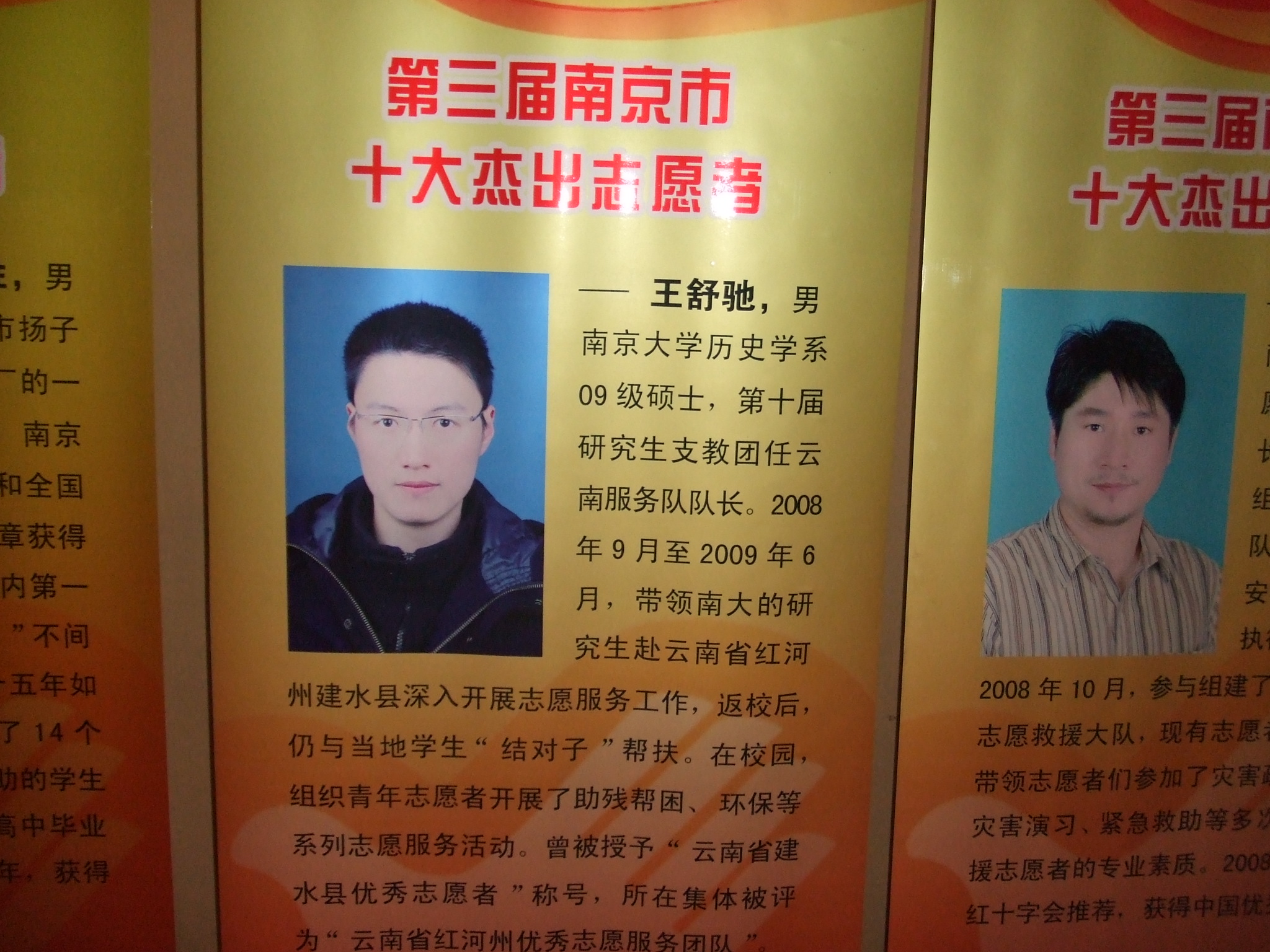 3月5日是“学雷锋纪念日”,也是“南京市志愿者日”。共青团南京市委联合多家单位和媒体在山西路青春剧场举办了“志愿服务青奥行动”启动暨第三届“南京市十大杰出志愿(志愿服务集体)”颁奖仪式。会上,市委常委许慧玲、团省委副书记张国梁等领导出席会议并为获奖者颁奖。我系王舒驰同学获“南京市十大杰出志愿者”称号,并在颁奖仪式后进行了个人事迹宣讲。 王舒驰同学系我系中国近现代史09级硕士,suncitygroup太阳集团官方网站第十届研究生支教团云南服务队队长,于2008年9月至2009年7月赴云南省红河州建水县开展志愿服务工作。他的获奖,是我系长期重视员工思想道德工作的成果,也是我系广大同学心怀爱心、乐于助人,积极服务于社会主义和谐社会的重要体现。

--

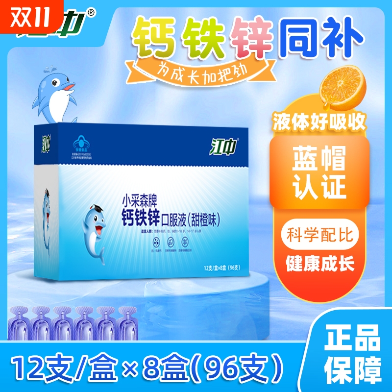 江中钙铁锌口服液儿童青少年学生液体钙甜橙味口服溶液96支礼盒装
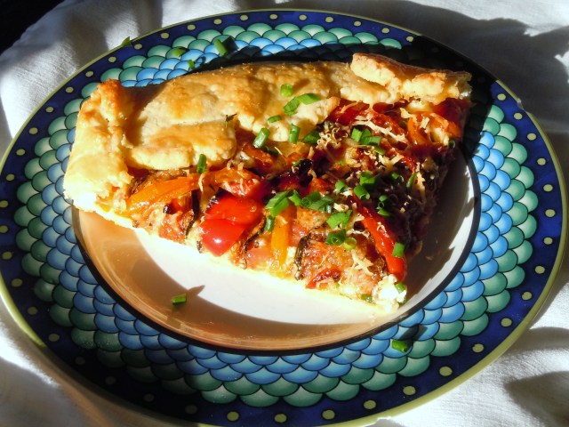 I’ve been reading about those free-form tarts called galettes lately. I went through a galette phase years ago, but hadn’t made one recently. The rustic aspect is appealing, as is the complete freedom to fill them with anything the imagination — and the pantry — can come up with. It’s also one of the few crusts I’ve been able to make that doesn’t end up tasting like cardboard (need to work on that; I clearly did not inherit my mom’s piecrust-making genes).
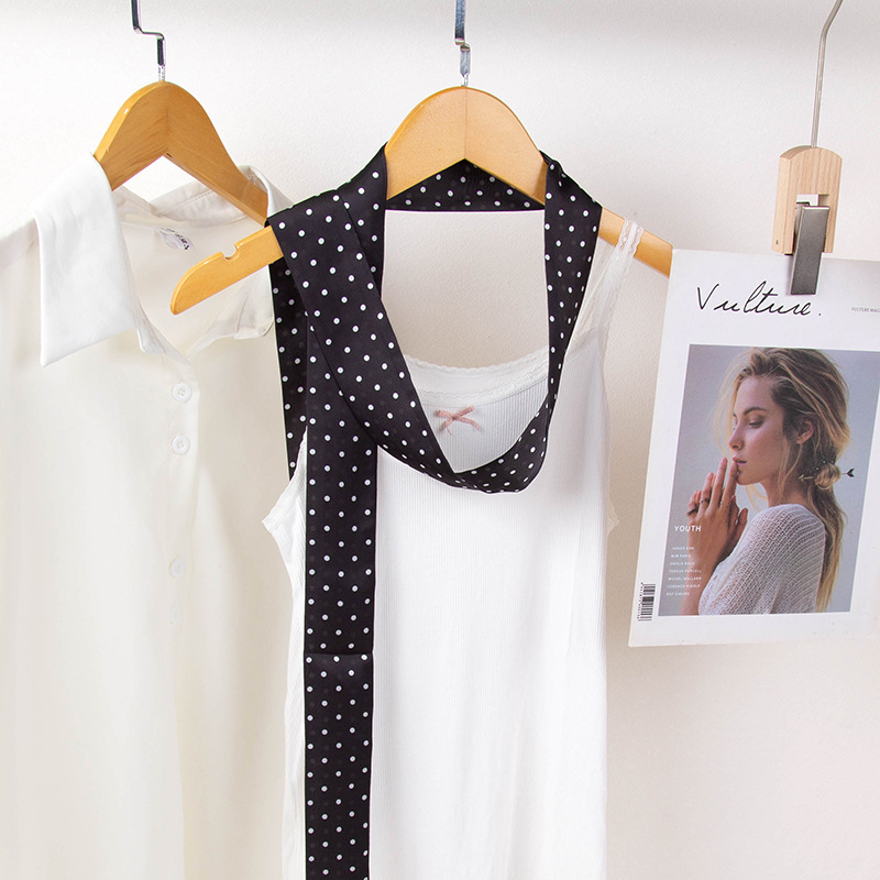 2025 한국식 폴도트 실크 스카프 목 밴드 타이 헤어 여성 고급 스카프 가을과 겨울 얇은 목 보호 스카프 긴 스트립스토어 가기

WHAT THE TASK REQUIRES:
What belongs in the answer is each line above from the line with "江中钙铁锌口服液儿童青少年学生液体钙甜橙味口服溶液96支礼盒装" to the line with "2025 한국식 폴도트", inclusive, reproduced exactly and free of pictures.

EXERCISE ANSWER:
 江中钙铁锌口服液儿童青少年学生液体钙甜橙味口服溶液96支礼盒装
 I’ve been reading about those free-form tarts called galettes lately. I went through a galette phase years ago, but hadn’t made one recently. The rustic aspect is appealing, as is the complete freedom to fill them with anything the imagination — and the pantry — can come up with. It’s also one of the few crusts I’ve been able to make that doesn’t end up tasting like cardboard (need to work on that; I clearly did not inherit my mom’s piecrust-making genes).
 2025 한국식 폴도트 실크 스카프 목 밴드 타이 헤어 여성 고급 스카프 가을과 겨울 얇은 목 보호 스카프 긴 스트립스토어 가기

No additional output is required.